Names
- Full name: Preston Bullants Amateur Football Club
- Former name(s): Northern Bullants (2008−2012) Northern Blues Amateur Football Club (2012−2016)
- Nickname(s): Bullants, Ants
- Former nickname: Blues

2023 season
- Home-and-away season: VAFA: 11th VAFAW: 3rd

Club details
- Founded: Late 2008; 18 years ago
- Colours: Red White
- Competition: VAFA: Division 1 VAFAW: Division 3
- Coach: VAFA: Tom Hill VAFAW: Shannon Gore
- Captain(s): VAFA: Tom Hill VAFAW: Brenna Edsell
- Premierships: VAFA (4) 2013; 2014; 2016; 2019; VAFAW (1) 2019;
- Ground: W.R. Ruthven Reserve

Uniforms
| Home |

Other information
- Official website: prestonbullantsafc.com

= Preston Bullants Amateur Football Club =

The Preston Bullants Amateur Football Club (Preston AFC or PBAFC), formerly known as the Northern Bullants and later the Northern Blues, is an Australian rules football club based in the Melbourne suburb of Preston.

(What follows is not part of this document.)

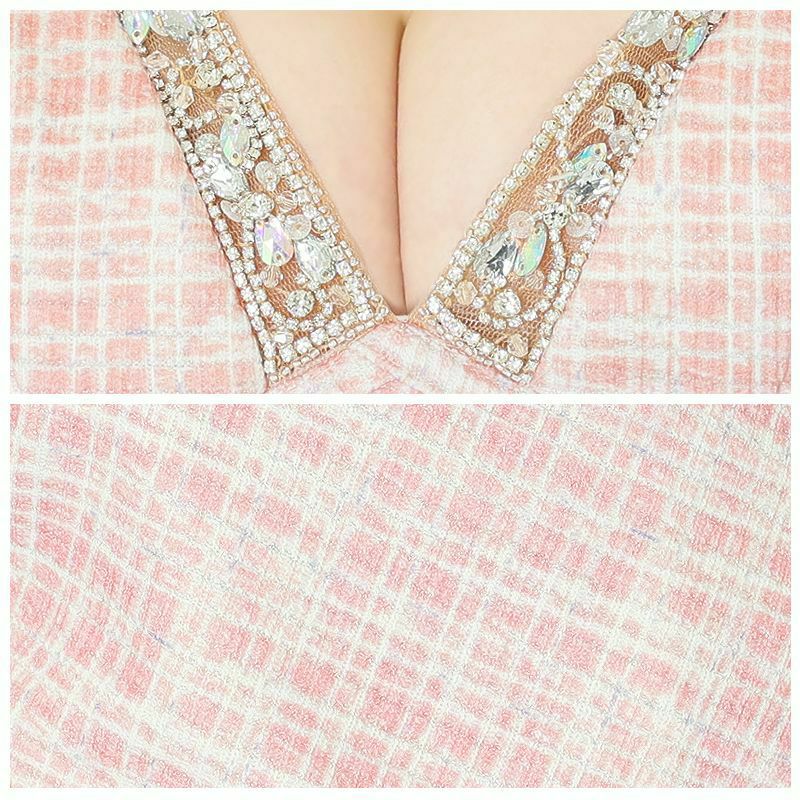 CUTEなツイードから柔らかな雰囲気☆ [Angel-R/エンジェルアール] 高級バストビジューフラワーレースチェック柄キャミソールタイトミニドレス

Preston is a separate entity to the Northern Bullants, a club in the Victorian Football League (VFL), however the two clubs share a logo and maintain close links. Preston is also linked to the Preston Bullants Junior Football Club (PBJFC), which competes in the Yarra Junior Football League (YJFL).

The club's men's team currently competes in Division 1 of the Victorian Amateur Football Association (VAFA), while the women's team is currently in Division 3 of the VAFA Women's competition.

==History==
In late 2008, following a YJFL Colts premiership, a number of parents of junior players at PBJFC announced the formation of a new senior club − known as the Northern Bullants − to allow a pathway for players once they passed the junior football age. The club joined the VAFA for the 2009 season in Division 1 of the under-18s competition. However, the team folded at the end of the 2010 season.

The club resumed playing in 2011, fielding an under-19s team in Division 3. That team continued in 2012 alongside a new team in the Premier B Thirds competition. The club was also renamed to the Northern Blues, although it retained its red and white colours.

On 30 October 2012, the VAFA announced the Blues would field a senior team for the first time in 2013, entering Division 4. The club defeated Eley Park in the Grand Final later that year, and was promoted to Division 3 for 2014, where they went back-to-back with a premiership over Richmond Central.

In 2016, the club was renamed to the Preston Bullants and defeated St John's in the Division 2 grand final.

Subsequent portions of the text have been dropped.